# Why isnt there a dating forum here?



## keithp (Mar 13, 2007)

I mean c'mon this is the only thing we are missing here! Imagine the possibilities hooking up with people here, who otherwise would be too shy to even say where they live. Mabye they would feel safer in a place only people looking for dates or really good friends are. Like to post on the forum you have to be allowed by an Admin. Or a map where members post where you live so you can find people living near you, on the forums not everyone posts where they live but it sucks because you could live minutes away and not even know it!


----------



## FadeToOne (Jan 27, 2011)

*throws hat in ring*


----------



## Kennnie (Oct 21, 2010)

Im Down!


----------



## heroin (Dec 10, 2010)

Because this is a support site, not a dating site.

Besides, your profile contains all the usual crap about turn-ons/offs, dating status etc. so I think that pretty much fulfills what you're looking for.


----------



## MoniqueS (Feb 21, 2011)

We should make a dating thread where people can post a pic, what qualities they are looking for, what qualities they have or I guess whatever info usually is on dating sites.
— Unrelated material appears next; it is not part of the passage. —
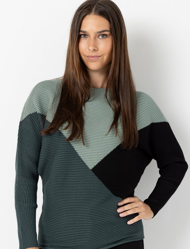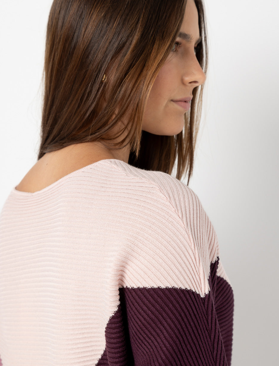 Osez le style graphique avec ce chandail en tricot à blocs de couleur, parfait pour ajouter une touche moderne et audacieuse à votre garde-robe.
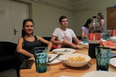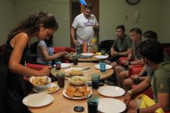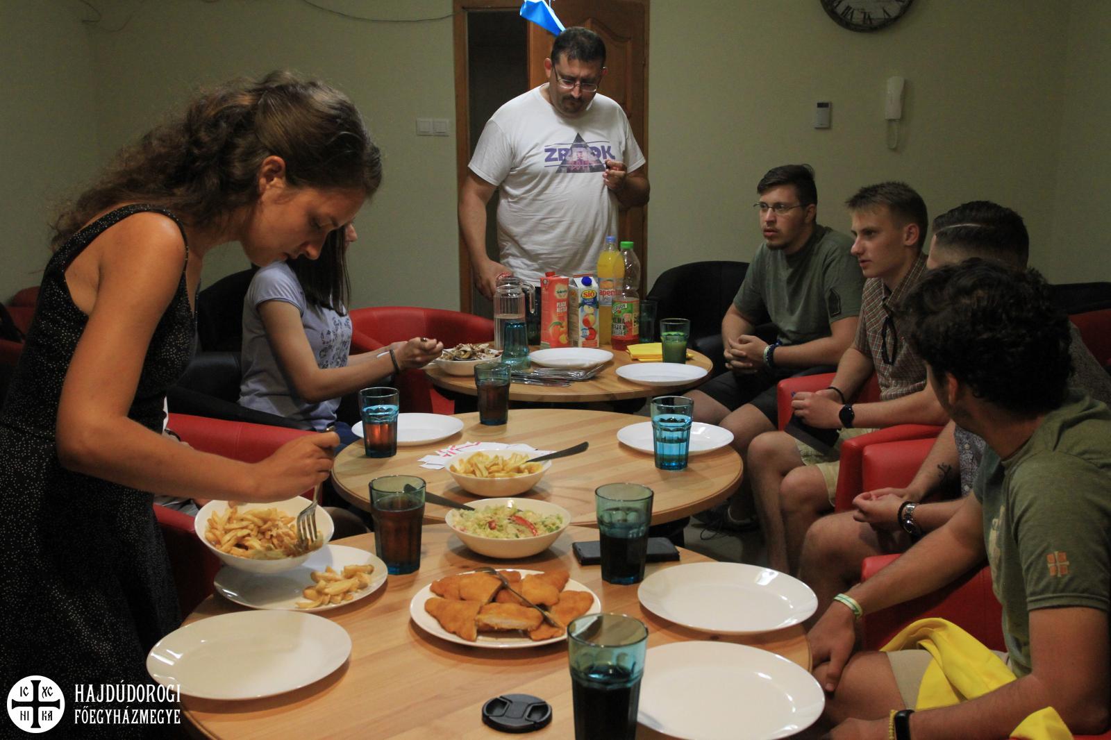 A vecsernyét, ahogy az a gyalogos zarándoklaton is lenni szokott, egy kiadós vacsora követte. Takács Gusztáv atya a Szinaxis kollégium közösségi termében elő is varázsolja a giroszt és a rántott húst, hiszen tegnap kiderült, ez a két étel hozza igazi zarándok hangulatba a fiatalokat.

I'm on a dating detox..but I would do it when I'm finished that.


----------



## foe (Oct 10, 2010)

There's been a few relationships on here so you can probably get a date or relationship out of SAS without it actually being a dating site. I guess you just gotta make a good connection with someone here.


----------



## AK32 (Sep 2, 2010)

I think a SA dating forum is something I could go for.


----------



## Jessie203 (Feb 20, 2008)

heroin said:


> Because this is a support site, not a dating site.
> 
> Besides, your profile contains all the usual crap about turn-ons/offs, dating status etc. so I think that pretty much fulfills what you're looking for.


Mhmm.


----------



## _AJ_ (Jan 23, 2008)

cause it would be just a bunch of guys in there waiting for girls


----------



## rdrr (Dec 31, 2008)

Hypothetically, how bad would it feel if someone who they think they were compatible with on something as personal as SA, rejected them? It could potentially make an issue worse. Also on the flipside, i'm unsure if the SA females would be able to handle all the male attention they would receive...


----------



## Misanthropic79 (May 6, 2011)

_AJ_ said:


> cause it would be just a bunch of guys in there waiting for girls


LOL, they could call it "the sausage fest" thread.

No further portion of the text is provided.